*** RAW DATA ***

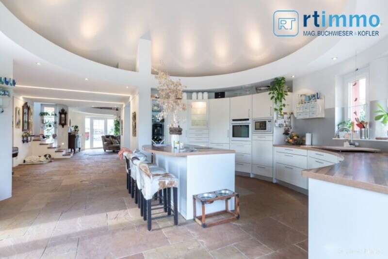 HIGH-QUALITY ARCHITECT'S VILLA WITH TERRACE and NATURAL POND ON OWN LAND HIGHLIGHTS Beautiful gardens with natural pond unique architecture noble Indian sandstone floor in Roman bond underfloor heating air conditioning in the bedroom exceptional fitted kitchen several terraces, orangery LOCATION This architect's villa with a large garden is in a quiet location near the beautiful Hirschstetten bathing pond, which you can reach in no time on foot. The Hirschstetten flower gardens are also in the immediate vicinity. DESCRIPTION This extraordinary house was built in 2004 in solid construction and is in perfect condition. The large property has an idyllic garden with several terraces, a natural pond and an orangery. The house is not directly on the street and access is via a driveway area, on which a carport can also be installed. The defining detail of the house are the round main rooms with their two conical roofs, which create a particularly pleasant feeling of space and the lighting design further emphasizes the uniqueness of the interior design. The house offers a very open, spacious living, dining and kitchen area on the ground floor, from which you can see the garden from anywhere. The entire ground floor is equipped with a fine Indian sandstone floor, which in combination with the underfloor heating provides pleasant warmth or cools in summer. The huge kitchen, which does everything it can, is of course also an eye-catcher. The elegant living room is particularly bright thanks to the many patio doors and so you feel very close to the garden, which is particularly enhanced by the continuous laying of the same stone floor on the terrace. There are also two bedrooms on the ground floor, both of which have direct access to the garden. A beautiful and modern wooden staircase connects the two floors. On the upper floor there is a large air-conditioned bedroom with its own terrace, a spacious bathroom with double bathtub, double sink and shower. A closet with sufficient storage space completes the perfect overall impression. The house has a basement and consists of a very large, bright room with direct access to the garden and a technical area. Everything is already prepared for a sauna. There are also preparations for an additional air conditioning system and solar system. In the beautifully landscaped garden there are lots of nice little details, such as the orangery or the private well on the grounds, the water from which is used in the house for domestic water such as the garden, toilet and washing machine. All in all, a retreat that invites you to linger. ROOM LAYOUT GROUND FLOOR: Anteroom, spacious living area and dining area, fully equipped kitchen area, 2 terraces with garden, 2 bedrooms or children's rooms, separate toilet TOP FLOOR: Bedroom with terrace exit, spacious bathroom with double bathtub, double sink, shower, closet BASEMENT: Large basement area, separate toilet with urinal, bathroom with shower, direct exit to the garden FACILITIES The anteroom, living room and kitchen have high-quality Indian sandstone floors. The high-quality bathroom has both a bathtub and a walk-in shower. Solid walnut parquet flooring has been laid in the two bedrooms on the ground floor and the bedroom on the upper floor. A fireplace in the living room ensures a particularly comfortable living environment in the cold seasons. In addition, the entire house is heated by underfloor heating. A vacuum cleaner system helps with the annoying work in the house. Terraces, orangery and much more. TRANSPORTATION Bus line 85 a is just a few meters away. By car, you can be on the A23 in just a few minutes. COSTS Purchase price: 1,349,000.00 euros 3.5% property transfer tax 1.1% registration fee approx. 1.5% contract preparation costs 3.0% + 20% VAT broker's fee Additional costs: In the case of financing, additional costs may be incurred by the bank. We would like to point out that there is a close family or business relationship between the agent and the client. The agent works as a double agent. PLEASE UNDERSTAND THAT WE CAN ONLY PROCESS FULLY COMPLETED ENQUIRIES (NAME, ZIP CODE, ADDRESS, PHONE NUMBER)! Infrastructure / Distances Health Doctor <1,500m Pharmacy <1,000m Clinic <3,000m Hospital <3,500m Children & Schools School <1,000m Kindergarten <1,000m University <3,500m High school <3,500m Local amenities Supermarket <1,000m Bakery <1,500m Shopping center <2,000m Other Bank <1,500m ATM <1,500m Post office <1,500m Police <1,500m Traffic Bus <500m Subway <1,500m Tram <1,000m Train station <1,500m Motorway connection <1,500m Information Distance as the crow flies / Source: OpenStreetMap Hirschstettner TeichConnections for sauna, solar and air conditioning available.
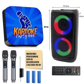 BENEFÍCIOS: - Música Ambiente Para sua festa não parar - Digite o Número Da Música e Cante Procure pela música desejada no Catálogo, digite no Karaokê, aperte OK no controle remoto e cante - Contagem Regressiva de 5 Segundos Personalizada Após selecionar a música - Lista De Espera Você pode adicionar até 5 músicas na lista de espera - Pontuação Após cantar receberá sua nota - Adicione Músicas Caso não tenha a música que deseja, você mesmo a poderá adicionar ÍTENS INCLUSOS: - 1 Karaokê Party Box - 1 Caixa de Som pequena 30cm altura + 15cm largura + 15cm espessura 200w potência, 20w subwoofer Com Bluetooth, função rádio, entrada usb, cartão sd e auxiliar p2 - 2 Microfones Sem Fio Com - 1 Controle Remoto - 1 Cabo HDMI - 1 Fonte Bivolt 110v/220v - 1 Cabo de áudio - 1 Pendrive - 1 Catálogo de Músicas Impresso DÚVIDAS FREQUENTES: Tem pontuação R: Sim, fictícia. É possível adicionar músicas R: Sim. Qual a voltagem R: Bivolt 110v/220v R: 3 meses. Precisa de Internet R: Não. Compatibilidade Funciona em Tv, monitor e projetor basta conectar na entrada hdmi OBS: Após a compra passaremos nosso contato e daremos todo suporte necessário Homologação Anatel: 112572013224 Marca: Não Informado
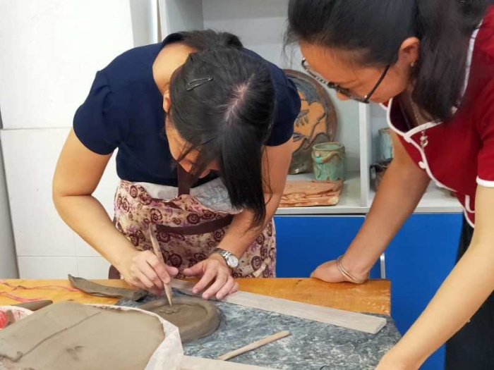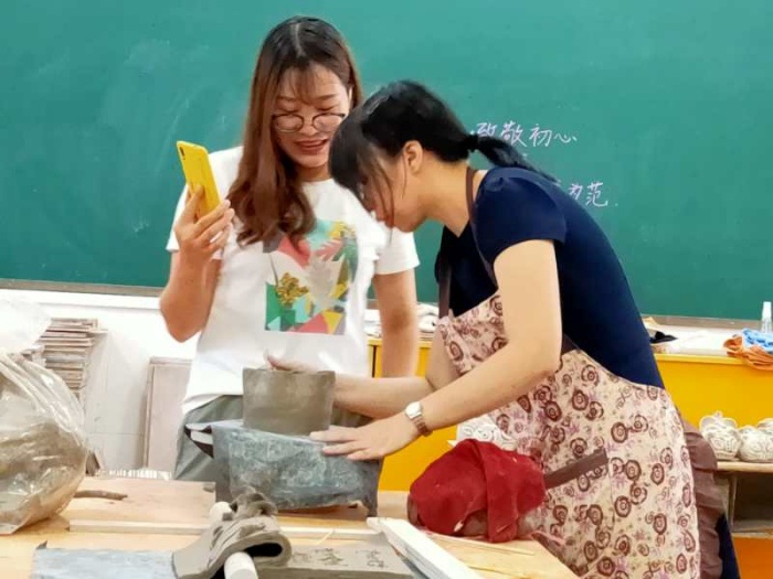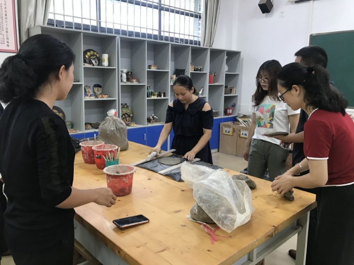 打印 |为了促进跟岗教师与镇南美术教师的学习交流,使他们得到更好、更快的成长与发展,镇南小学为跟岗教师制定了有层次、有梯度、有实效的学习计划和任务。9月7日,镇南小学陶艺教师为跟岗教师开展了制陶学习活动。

*** End of RAW DATA ***

▶ TASK REQUIREMENTS: In the data above, find the line containing "BENEFÍCIOS: - Música", then output it and every later line exactly, without the pictures.

▶ SOLUTION TO THIS PROBLEM:
 BENEFÍCIOS: - Música Ambiente Para sua festa não parar - Digite o Número Da Música e Cante Procure pela música desejada no Catálogo, digite no Karaokê, aperte OK no controle remoto e cante - Contagem Regressiva de 5 Segundos Personalizada Após selecionar a música - Lista De Espera Você pode adicionar até 5 músicas na lista de espera - Pontuação Após cantar receberá sua nota - Adicione Músicas Caso não tenha a música que deseja, você mesmo a poderá adicionar ÍTENS INCLUSOS: - 1 Karaokê Party Box - 1 Caixa de Som pequena 30cm altura + 15cm largura + 15cm espessura 200w potência, 20w subwoofer Com Bluetooth, função rádio, entrada usb, cartão sd e auxiliar p2 - 2 Microfones Sem Fio Com - 1 Controle Remoto - 1 Cabo HDMI - 1 Fonte Bivolt 110v/220v - 1 Cabo de áudio - 1 Pendrive - 1 Catálogo de Músicas Impresso DÚVIDAS FREQUENTES: Tem pontuação R: Sim, fictícia. É possível adicionar músicas R: Sim. Qual a voltagem R: Bivolt 110v/220v R: 3 meses. Precisa de Internet R: Não. Compatibilidade Funciona em Tv, monitor e projetor basta conectar na entrada hdmi OBS: Após a compra passaremos nosso contato e daremos todo suporte necessário Homologação Anatel: 112572013224 Marca: Não Informado
 打印 |为了促进跟岗教师与镇南美术教师的学习交流,使他们得到更好、更快的成长与发展,镇南小学为跟岗教师制定了有层次、有梯度、有实效的学习计划和任务。9月7日,镇南小学陶艺教师为跟岗教师开展了制陶学习活动。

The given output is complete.